In our example, we used the DataFrameMapper to define that there were only three characteristic variables in the input (petal width is removed), and that we normalized only the sepal length and the sepal Width, which is petal Length. Then, an XGBClassifier is defined. Finally, two data processing processes and models are combined for training through PMMLPipeline.

Step 2: Save as a PMML file
# save model 
sklearn2pmml(pip_model, "iris_model.pmml", with_repr = True)
Copy the code

The output PMML file can be opened by any editor and has the following form:

Step 3: Call PMML in Python to verify the result
from pypmml import Model
model = Model.fromFile('iris_model.pmml')
pred_prob_reloaded_model = model.predict(X_test)
Copy the code

Re-reading the PMML file and the original Pipeline prediction results should be consistent in python.
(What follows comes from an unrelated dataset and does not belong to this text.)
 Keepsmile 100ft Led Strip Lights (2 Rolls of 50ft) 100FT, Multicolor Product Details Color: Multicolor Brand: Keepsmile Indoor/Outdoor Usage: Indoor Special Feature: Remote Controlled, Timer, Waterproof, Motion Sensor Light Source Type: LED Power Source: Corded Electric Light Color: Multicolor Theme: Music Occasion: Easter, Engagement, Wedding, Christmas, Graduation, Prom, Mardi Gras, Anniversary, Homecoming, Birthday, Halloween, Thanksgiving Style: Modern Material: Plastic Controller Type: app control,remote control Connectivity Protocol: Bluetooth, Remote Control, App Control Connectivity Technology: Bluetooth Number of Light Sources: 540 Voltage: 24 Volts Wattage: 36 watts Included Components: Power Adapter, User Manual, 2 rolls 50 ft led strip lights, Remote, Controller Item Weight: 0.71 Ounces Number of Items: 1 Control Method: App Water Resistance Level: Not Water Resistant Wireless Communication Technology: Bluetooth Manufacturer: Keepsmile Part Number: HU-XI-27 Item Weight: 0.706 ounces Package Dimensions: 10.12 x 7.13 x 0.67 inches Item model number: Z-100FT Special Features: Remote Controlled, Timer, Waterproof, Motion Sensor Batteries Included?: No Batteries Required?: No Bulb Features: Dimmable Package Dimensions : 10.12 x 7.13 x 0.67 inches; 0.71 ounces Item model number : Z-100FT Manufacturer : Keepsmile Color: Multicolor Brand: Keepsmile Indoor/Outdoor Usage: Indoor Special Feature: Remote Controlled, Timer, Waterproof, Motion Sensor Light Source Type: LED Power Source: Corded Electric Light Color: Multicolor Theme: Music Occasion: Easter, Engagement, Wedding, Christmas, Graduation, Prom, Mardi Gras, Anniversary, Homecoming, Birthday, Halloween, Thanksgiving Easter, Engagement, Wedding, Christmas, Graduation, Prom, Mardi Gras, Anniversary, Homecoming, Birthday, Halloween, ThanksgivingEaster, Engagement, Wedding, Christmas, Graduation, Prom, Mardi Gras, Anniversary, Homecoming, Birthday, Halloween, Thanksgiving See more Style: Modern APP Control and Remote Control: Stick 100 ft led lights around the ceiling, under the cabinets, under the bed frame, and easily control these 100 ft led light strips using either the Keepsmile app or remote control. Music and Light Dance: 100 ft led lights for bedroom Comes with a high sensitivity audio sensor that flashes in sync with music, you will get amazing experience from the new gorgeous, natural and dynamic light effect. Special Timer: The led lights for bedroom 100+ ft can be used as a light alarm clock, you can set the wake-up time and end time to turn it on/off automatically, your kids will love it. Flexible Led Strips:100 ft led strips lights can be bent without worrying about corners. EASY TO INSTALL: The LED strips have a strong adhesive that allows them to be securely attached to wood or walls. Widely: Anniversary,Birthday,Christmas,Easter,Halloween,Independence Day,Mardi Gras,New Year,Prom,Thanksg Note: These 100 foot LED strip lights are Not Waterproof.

3. What pitfalls are possible? 😂

The example above is simple to implement, but there will always be some potholes in the actual deployment, after all, everyone has grown up in potholes. Here are some of the issues I encountered in deploying PMML for your reference.

  • Pit 1: Models can be trained but PMML files cannot be generated

    May be due to environmental causes, sklearn/sklearn2pmml/sklearn_pandas need, and when sklearn2pmml version is too high in the jar version is too low, will lead to the problem of file cannot be read, this article USES the version information is as follows:

    • Sklearn2pmml = 0.53.0
    • Sklearn = 0.23.1
    • Sklearn_pandas = 2.2.0
  • Pit 2: Java calls to PMML are inconsistent with the original Pipeline model predictions (normally, 5 decimal places should be consistent)
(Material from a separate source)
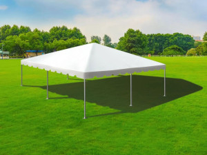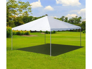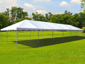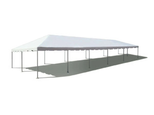 NEW ADDITION FOR 2026! Our 15×30 frame tent is a great solution for narrower driveways or backyards, or any tight area where a standard 20-wide tent won’t fit. Similar in size and look to our very popular 20×30 frame tent only a bit narrower. Can be staked or weighted on any surface. Seats up to 60 guests at 6 8-foot tables. Round tables are possible, but not generally recommended for this tent due to the narrow width. Provides 450 sq/ft of coverage.

    There are two possible causes of this problem: (1) inconsistent data types; (2) Processing of missing values.

    • If the data type is inconsistent, you can try the following two solutions:

      • Since all variables are double by default and some classification variables are string when PMML files are generated, labelencoder processing for classification variables can be considered to be numeric
      • Change double to string in PMML files
    • Missing value handling: When there is a missing value in the data, and it is not a nan, but is replaced by -9999, the PMML file needs to define -9999 as missing value in both the Datamapper and the model, otherwise prediction inconsistencies will occur. At this time should be

      # define datamapper
      mapper = DataFrameMapper([
        (["sepal length (cm)"."sepal width (cm)"], StandardScaler()),
        (["petal length (cm)"], ContinuousDomain(missing_values=-9999.0, with_data = False))
      ], df_out=True)
      
      
      # define a model
      xgb = XGBClassifier(n_estimators=5, seed=123, missing=-9999.0)
      Copy the code

      Note: When ContinuousDomain is used, the data range of each feature can be found according to the training data, and an error will be reported when the test data displays values beyond this range. Therefore, with_data=False should be set to remove this limitation.
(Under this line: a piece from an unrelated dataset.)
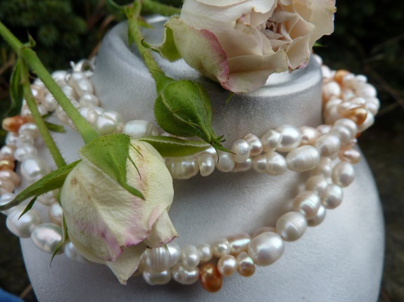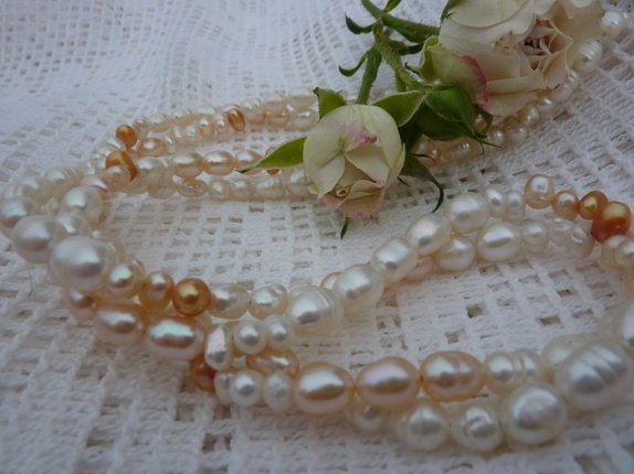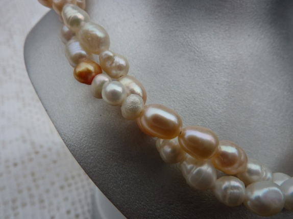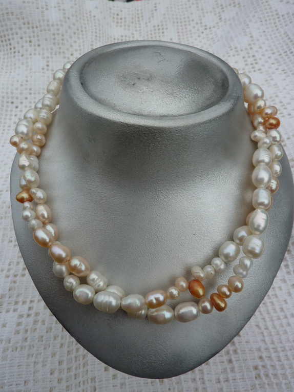 Har nå laget et pent tvinnet dobbelt halssmukke.Ferskvannsperlene er av forskjellige størrelse og farger.Nydelig glans. Karabinlås.Smykke er 54 cm langt så det passer til de fleste.

  • Pit 3: The original Pipeline model and the Python PMML file reading model predict inconsistent results

    This situation is also largely related to missing values. If this problem persists after properly handling pit 2, it may be because Python also passed in and assigned -9999 for the missing feature when reading the PMML file model predictions. The correct approach is to use pypmML to call PMML files, which should pass in no missing features, or assign nan, so that pYPMML calls PMML files and the original Pipeline model predict results will be consistent.

Stay tuned for

  • Python constructs the Pipeline model
  • Use Scala to call Python-trained PMML

Prohibit unauthorized reprint, reprint please contact the author, otherwise the author will retain all legal rights.